There is, however, another geological process which takes oxygen out of the air. Most of the igneous rocks, which, like lava, have come up melted from below, contain a good deal of incompletely oxidized iron. As these rocks are "weathered", that is, broken down and carried off by rain and streams, the iron in them combines with more oxygen, taken from the air, and the originally black or gray rocks give rise to red or yellow sand, mud or clay. If we inquire whether other planets are habitable, we must then try to find out whether their temperatures are suitable for life, whether they have water and atmospheres on them, and, if so, whether oxygen and carbon dioxide are present in these.

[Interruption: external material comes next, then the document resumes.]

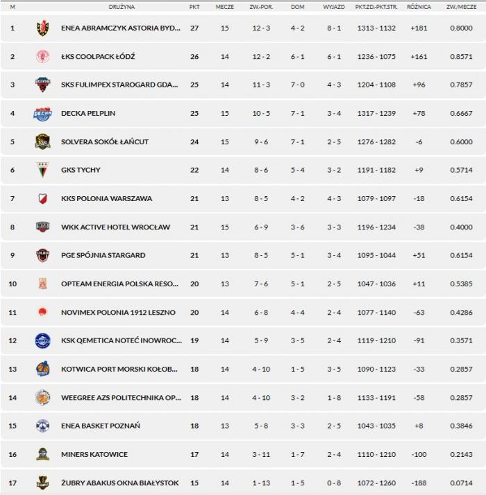 Wyniki 15. kolejki: Enea Abramczyk Astoria Bydgoszcz - Fulimpex Starogard Gdański 71:79, WKK Active Hotel Wrocław - Decka Pelplin 92:99, Kotwica Port Morski Kołobrzeg - Novimex Polonia 1912 Leszno 67:70, ŁKS Coolpack Łódź - Solvera Sokół Łańcut 98:77.

As for the composition of the atmosphere, certain gases, if present in them, absorb Cartier Roadster Replica(http://www.imitatewatch.com/GoodsSeries/Replica-Roadster-Watches-146.html) light of particular wavelengths. We therefore study the planet's light with a spectroscope—an instrument which can tune out and separate different wave lengths of light many hundreds of times more powerfully than your radio can separate two stations of nearly the same wave length. And with this sensitive device we can find whether or not oxygen, carbon dioxide, and water vapor are present in any considerable quantity, and estimate their amounts.

Electrical heat-measuring device can be made so sensitive that, attached to a great telescope; they could measure the heat from a single candle 100 miles away. With such a device it is possible to get a pretty close estimate of the temperature of a plant's visible surface.